It was the hardest hit Ryan Fitzpatrick would take all season—and the only one he couldn’t walk away from. And it wasn’t even delivered by an opposing defender.
With Harvard up 27-0 at Cornell’s Schoellkopf Field, Fitzpatrick and the nation’s top offense were just mopping up yet another blowout win, minutes away from improving to a flawless 4-0 start.
“I know exactly what play it was,” Harvard coach Tim Murphy said. “It was a scramble and he just got tossed around. His hand smacked the rock-hard astroturf, and that’s what did it.”
The Crimson’s spry quarterback hustled to the sidelines, cautiously guarding his injured throwing hand, before uttering words which, to that point in his career, would have been unthinkable.
“I can remember it very vividly right now,” Murphy said. “[I said,] ‘You OK?’ ‘I think I did something to my hand.’ For Fitzy to say something like that, I knew something was wrong. So I said, ‘Can you play?’ And he said, ‘I don’t know, I don’t think I can take a snap, but I can go shotgun.’ And right then I knew.”
Fitzpatrick was done for the game and, as it turned out, Harvard was done for the season.

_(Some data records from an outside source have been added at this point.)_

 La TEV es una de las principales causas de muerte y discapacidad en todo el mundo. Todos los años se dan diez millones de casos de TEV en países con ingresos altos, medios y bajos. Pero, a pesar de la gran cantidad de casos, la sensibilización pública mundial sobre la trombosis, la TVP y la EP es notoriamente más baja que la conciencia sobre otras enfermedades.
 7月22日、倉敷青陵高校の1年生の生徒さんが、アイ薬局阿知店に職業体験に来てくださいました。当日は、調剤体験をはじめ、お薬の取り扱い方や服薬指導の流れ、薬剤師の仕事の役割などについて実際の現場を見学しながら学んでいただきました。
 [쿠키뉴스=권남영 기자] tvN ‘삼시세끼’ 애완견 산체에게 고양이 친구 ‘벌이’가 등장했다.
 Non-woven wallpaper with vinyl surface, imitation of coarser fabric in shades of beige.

Less than a month prior, under the sweltering afternoon sun outside Holy Cross’ Fitton Field, meeting such an inglorious end was the last thing anyone expected.
Silencing disbelievers who dared to think that the offense would lose its luster without Harvard’s all-time leading passer, Neil Rose ’02-’03 and receiver, Carl Morris ’03, Fitzpatrick turned in the single finest game in Crimson history, racking up 471 yards of total offense and three touchdowns.

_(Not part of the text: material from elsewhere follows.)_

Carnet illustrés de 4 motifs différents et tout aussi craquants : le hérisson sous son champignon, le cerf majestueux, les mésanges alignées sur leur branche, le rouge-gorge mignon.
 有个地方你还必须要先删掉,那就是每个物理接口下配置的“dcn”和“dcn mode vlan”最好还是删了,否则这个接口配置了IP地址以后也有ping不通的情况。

“I haven’t really heard any of these number things,” Fitzpatrick said after the 43-23 win. “But that wasn’t our best game on offense and that’s what is so exciting about this...there are a lot of things we need to shape up and I think we’re going to be a very, unbelievably good offense this year.”
Junior Brian Edwards emerged from obscurity as an untouchable threat out wide, reeling in seven catches for one touchdown and 152 yards, though he easily ran twice as far toying with Crusader defenders by leading them from sideline to sideline, while counterpart Rodney Byrnes nearly crossed the century mark as well. Running backs Ryan Tyler and Clifton Dawson combined for 161 yards and three touchdowns on 35 carries.

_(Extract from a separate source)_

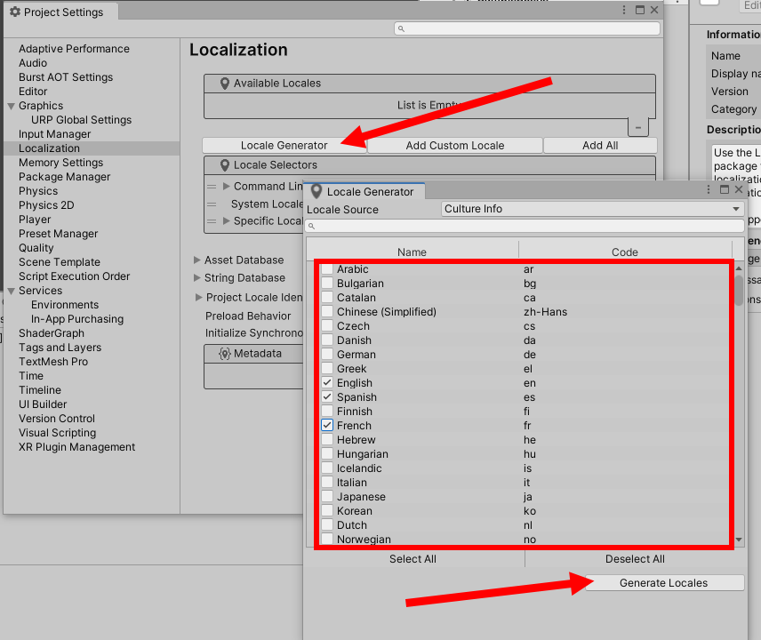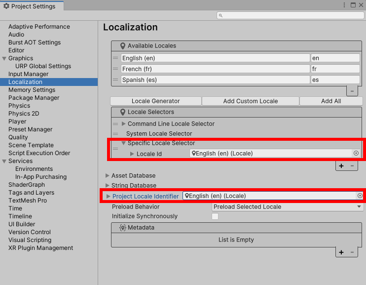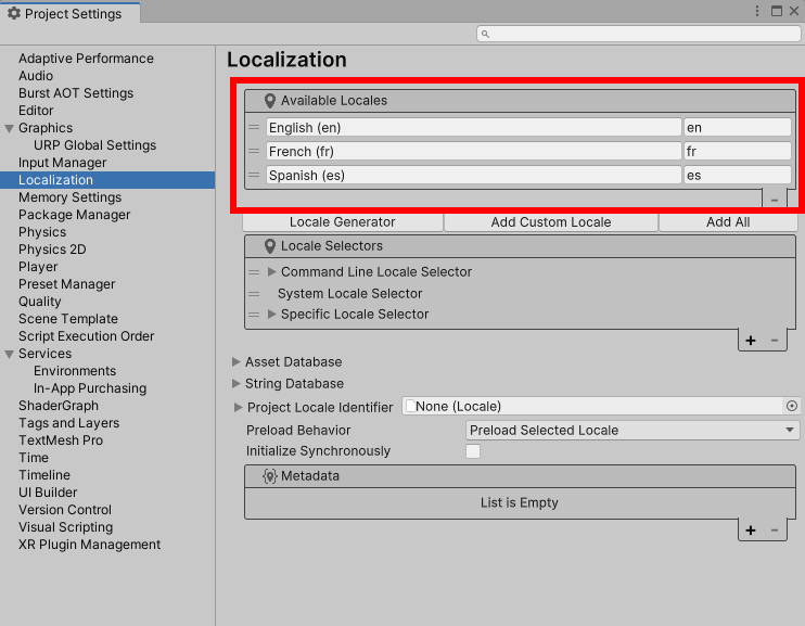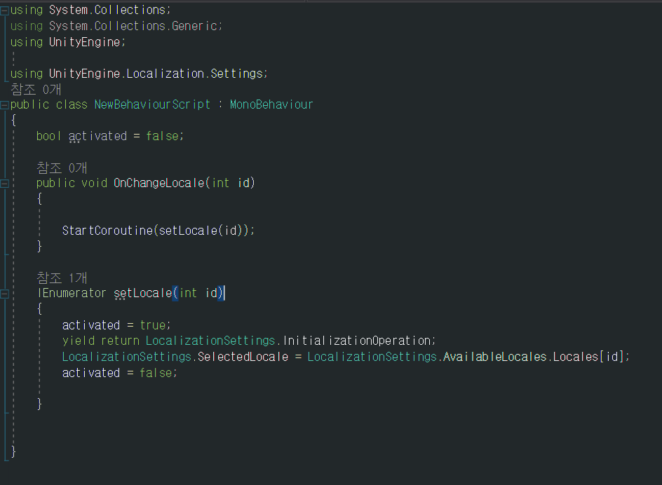 18)스트립트에서 locale 설정을 구현하려면 LocalizationSettings.SelectedLocale에 이용가능한 지역 및 언어 Locales를 할당합니다.
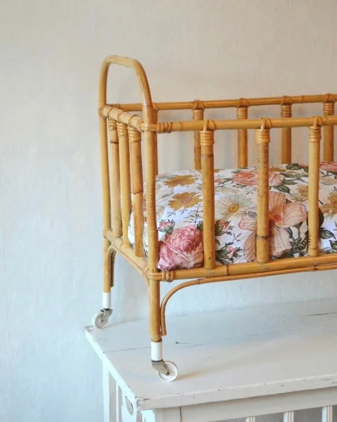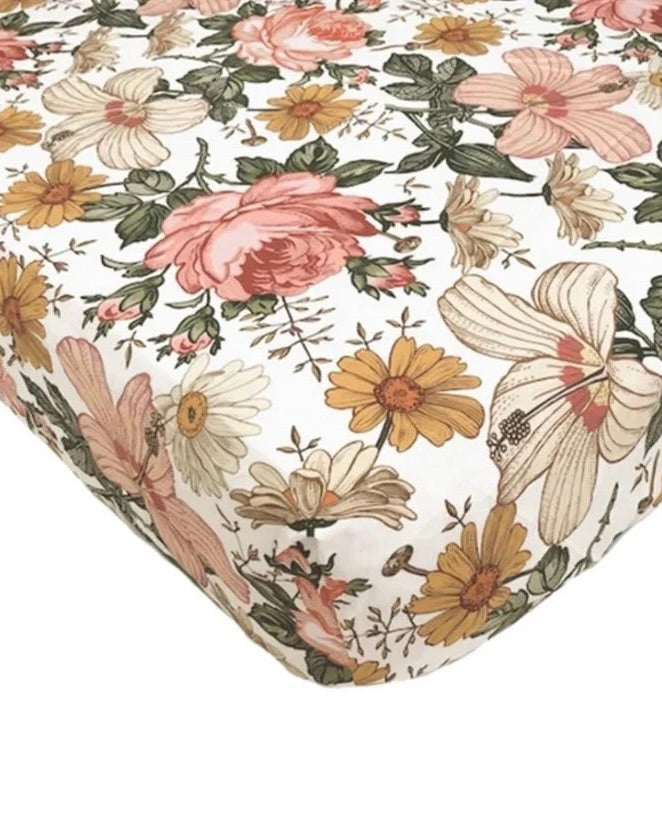 Ett vävt bomullslakan i sött trädgårdsblommigt tryck med vintagevibbar.

No, this team wouldn’t be lacking for offense.
Punishing opposing defenses with its versatility, Harvard posted 150 points in the first four games of the season, propelling Fitzpatrick and Edwards to top quarterback and receiver statistics in the nation.
Through each of the first four contests, the Crimson defenders were nothing short of stifling, holding every opponent below 23 points and then crowning their achievement by shutting out the Big Red.
Captain Dante Balestracci assumed the same menacing form that had terrorized opponents for three years, junior Bobby Everett blossomed alongside him and senior Chris Raftery seamlessly eased into his role at safety.
Even after Fitzpatrick went down to injury, it at first seemed as though Harvard would be able to successfully weather the loss of yet another star player. Junior Garrett Schires filled in admirably, leading the Crimson to comeback victories against Lafayette and Princeton—with a most deserved assist from Dawson, who scored seven touchdowns in the two games on 66 carries for 401 yards.
“We’d come from behind to beat two teams without a really outstanding quarterback in Ryan Fitzpatrick,” Murphy said. “That’s why the next couple of games were such a mystery.”